Ребенок рождается самостоятельным, как бы ни парадоксально это утверждение не было. А мы, взрослые, делаем все, чтобы эту самостоятельность у него отнять.

Проходит время. Дети идут в школу. Теперь давайте подумаем: школа и самостоятельность — совместимы ли эти понятия? Школа, не только в России, практически во всем мире, массовая школа, базируется на программах, придуманных взрослыми. А самостоятельность, любая самостоятельность на белом свете, самостоятельность любого человека, базируется на его собственном выборе и на желании что-то сделать. Самостоятельность всегда сопряжена, напрямую сопряжена, с риском. Самостоятельности без риска не бывает. И вот школа, которая была создана целенаправленно, для того, чтобы без риска научить детей одному и тому же: тому, чему хотят их научить почему-то именно сегодня взрослые.
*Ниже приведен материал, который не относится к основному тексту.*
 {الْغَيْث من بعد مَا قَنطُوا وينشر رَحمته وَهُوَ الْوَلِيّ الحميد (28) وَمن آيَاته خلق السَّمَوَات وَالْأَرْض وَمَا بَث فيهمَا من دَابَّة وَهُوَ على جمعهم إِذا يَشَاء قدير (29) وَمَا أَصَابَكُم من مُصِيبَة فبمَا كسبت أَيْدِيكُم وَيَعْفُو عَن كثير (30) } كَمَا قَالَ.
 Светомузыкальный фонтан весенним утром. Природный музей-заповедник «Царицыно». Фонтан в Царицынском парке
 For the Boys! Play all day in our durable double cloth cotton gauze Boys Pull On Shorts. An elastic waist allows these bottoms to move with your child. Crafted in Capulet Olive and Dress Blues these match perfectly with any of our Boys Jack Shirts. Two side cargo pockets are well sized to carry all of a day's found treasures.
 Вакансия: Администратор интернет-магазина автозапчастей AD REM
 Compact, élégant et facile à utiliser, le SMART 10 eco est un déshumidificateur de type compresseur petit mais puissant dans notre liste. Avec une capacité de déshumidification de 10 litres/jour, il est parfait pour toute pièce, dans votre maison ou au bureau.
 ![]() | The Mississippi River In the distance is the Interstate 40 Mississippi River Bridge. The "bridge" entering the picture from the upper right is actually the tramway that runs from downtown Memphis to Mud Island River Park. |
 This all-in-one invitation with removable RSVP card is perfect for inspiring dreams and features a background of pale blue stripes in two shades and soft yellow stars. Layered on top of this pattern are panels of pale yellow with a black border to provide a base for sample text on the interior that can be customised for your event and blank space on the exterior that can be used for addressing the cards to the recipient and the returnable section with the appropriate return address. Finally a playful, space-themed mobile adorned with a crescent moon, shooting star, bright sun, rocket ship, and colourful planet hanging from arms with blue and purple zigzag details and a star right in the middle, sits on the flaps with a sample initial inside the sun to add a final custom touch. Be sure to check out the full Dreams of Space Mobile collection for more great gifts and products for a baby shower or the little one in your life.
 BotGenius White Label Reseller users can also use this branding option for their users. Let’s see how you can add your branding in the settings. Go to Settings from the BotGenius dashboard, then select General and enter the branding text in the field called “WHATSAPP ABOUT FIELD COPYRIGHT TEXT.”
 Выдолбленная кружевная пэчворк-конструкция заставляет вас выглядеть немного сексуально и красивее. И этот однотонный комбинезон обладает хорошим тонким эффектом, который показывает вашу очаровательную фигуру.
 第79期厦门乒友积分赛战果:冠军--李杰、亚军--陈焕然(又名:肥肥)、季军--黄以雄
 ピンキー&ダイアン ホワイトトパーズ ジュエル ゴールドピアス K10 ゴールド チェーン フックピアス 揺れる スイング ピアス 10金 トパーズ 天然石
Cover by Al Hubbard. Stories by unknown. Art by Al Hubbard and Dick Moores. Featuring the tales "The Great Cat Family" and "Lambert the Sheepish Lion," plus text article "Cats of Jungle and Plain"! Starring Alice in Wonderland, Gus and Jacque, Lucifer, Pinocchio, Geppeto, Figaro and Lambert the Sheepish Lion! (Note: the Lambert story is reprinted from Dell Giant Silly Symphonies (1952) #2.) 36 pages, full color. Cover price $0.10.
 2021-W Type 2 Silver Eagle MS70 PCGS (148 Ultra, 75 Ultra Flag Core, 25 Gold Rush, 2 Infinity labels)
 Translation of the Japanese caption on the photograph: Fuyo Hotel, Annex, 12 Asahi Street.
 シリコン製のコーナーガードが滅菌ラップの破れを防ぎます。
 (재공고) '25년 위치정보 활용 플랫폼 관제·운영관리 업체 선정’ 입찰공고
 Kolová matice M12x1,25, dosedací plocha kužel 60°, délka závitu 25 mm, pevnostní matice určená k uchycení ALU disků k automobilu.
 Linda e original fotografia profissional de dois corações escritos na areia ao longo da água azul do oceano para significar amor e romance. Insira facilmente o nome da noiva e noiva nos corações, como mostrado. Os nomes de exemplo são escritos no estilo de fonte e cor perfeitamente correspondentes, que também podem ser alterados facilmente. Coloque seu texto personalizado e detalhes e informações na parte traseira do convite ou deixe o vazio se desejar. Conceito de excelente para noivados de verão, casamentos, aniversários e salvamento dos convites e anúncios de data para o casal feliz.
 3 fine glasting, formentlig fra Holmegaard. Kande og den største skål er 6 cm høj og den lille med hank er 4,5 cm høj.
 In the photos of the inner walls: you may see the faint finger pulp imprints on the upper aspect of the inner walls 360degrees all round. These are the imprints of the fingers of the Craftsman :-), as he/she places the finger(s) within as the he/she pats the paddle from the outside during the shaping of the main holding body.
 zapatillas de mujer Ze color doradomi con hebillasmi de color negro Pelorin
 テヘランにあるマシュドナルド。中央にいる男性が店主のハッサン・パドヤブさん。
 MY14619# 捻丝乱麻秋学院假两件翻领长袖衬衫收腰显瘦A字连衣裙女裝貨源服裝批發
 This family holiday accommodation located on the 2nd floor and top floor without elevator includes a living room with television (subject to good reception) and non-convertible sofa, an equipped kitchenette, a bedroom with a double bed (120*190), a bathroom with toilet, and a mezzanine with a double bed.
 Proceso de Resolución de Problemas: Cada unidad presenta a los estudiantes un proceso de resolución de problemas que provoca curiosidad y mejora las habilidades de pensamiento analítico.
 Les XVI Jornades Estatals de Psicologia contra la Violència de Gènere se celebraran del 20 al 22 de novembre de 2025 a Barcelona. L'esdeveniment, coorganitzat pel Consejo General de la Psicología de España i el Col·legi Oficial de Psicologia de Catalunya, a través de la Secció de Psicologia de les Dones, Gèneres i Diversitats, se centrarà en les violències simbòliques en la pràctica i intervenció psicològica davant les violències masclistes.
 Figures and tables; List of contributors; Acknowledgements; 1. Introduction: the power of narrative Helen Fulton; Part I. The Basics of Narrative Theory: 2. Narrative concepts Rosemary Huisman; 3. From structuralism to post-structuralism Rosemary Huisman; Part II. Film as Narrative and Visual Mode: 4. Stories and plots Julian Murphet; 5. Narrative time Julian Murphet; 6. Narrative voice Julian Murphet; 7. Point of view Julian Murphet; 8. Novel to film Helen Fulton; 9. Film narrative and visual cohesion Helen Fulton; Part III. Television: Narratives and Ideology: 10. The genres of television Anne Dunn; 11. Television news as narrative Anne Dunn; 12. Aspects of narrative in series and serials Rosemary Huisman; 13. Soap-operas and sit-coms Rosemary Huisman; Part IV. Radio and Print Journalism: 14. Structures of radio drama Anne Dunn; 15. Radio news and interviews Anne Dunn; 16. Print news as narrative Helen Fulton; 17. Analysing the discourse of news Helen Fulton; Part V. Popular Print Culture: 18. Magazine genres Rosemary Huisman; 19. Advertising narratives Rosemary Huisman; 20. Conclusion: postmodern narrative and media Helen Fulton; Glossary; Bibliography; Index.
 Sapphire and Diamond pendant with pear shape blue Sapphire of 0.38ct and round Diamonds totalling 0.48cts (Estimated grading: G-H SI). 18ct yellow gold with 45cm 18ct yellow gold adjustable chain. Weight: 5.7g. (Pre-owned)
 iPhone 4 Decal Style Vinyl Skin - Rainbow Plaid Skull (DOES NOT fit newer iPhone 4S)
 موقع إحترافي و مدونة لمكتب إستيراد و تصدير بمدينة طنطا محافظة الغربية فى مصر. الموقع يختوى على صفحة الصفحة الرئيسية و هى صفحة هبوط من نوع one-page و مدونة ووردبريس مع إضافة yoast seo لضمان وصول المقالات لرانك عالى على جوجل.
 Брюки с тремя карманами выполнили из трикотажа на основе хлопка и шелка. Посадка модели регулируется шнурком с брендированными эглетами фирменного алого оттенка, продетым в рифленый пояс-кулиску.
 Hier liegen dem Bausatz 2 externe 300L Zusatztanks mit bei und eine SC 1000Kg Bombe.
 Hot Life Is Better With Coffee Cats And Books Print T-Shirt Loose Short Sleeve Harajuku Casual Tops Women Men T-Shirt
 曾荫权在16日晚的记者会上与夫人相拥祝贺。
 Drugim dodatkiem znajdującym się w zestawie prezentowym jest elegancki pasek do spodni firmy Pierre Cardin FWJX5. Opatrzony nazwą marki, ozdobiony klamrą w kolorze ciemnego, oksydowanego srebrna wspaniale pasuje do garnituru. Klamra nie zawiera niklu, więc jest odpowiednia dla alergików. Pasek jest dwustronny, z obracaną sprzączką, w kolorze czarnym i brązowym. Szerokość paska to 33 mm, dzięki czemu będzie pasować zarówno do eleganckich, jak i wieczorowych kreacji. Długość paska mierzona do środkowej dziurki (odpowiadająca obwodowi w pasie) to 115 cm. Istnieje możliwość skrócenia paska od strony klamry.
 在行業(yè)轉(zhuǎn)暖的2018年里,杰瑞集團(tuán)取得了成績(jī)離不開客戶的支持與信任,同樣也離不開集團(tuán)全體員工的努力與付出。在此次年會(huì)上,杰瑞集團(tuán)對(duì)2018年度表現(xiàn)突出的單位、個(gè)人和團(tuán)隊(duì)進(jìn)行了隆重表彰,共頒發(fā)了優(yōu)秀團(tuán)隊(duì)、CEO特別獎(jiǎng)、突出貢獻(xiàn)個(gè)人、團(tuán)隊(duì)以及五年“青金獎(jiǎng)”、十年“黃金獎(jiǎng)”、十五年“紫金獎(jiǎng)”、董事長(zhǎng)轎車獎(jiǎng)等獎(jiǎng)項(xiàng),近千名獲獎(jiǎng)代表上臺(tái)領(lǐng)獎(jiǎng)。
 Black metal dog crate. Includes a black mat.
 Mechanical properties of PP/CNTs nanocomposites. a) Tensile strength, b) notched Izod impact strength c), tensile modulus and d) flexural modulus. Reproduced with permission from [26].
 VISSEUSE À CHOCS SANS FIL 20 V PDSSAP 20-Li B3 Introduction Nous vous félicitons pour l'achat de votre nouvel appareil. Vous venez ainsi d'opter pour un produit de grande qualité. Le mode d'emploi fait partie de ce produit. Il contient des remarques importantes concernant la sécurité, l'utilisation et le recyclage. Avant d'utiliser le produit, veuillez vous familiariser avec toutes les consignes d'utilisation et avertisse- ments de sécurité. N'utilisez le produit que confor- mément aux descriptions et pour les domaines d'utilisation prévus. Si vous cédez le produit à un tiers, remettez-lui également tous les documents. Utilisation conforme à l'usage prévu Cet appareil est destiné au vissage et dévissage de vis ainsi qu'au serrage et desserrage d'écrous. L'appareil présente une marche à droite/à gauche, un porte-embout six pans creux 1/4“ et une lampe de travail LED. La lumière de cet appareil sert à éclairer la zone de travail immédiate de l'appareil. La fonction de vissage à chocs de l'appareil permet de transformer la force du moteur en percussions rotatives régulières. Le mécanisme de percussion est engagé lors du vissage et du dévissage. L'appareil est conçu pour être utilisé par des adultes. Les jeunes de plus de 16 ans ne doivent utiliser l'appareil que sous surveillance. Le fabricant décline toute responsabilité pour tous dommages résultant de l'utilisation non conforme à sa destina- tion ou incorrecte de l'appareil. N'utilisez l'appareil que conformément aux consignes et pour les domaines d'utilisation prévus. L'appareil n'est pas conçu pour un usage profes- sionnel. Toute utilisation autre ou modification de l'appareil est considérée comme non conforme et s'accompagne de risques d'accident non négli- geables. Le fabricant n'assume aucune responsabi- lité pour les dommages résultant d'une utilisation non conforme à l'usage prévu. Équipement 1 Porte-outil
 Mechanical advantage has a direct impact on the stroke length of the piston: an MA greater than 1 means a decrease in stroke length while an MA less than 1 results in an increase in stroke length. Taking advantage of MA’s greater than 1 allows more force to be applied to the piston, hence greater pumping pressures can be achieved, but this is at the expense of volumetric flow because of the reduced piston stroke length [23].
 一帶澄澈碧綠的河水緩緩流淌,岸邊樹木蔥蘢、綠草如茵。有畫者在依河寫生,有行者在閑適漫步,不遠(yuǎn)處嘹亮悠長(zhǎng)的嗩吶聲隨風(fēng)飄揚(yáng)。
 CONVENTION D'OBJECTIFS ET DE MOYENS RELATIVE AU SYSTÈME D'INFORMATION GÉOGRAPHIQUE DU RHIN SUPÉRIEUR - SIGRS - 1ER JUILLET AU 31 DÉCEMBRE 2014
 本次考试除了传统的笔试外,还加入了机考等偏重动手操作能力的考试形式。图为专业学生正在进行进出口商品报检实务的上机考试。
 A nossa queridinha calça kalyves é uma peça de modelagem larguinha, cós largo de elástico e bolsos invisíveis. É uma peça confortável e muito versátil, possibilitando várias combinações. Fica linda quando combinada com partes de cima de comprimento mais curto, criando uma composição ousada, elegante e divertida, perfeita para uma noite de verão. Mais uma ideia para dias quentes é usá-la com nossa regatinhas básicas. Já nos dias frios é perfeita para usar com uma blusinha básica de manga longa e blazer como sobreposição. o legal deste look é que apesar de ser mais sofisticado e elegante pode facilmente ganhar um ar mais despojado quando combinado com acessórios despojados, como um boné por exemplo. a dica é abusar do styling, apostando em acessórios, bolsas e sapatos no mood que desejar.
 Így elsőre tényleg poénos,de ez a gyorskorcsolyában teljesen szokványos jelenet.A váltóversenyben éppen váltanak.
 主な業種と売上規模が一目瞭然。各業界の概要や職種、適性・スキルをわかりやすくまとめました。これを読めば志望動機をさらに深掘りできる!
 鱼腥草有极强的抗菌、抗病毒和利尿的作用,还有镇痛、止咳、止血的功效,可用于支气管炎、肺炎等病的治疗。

Скоро уже 400 лет как школа в таком виде существует. Реформа за реформой проходит во всех странах. У меня дома в семейном архиве есть письмо, датированное, по-моему, 55-м или 56-м годом прошлого века, в котором отец, который учился тогда в аспирантуре педагогической, написал маме: «я не смогу сейчас приехать, намечаются большие изменения в системе образования, и по этому поводу собирается там какой-то съезд КПСС».

Большие изменения в системе образования намечались весь 20 век, и сегодня они продолжают намечаться: президент дал указ, министр образования дает указ. ФГОСы: только с одним чуточку справились, начали хоть чуть-чуть понимать, о чём они и  ба-бах — новые ФГОСы. Вперед, люди! Но при этом никаких реальных изменений не происходит, и это знают все. Почему об этом не говорят, я не понимаю.

Как же развивается самостоятельность детская даже в этой школе? Она развивается за счет договора и на детской площадке, и в школе, за счет договора между детьми, за счет договора между детьми и взрослыми. Ребенок любой прекрасно понимает, если ему сказать (нормально, честно сказать: «мне от этого страшно, мне от этого плохо, а тебе?»). Ребенок пытается договориться, ребенок хочет договариваться. Это взрослые не договариваются с ним.

Понимание того, что ребёнок уже есть человек, а не чистая доска, на которой мы когда-нибудь напишем всю программу, и он унесет ее радостно с собой, привело нас к тому, что мы решили открыть школу, в которой нет программы, нет ни одного обязательного урока или обязательного занятия. Я занимаюсь аналитикой таких пространств и помогаю коллегам открывать такие школы.

Первый проект был открыт в конце 20 века на базе школы Тубельского (он назывался «Парк открытых студий»), сейчас несколько проектов, родительских проектов, развиваются в нашей стране. Вы легко найдете информацию, набрав “школа-парк” и моё имя. Немножечко вкратце расскажу о структуре такой школы. В современном мире принято называть такие школы самонаправленными, самонаправленные школы; они, на самом деле, появляться начали с начала 20 века. С первой такой школы вроде Саммерхилл (не школы; вроде школа, которая называется Саммерхилл). Потом в шестидесятых годах появилась школа Садбери Вэлли. Но школа-парк отличается от них и отличается очень серьёзно.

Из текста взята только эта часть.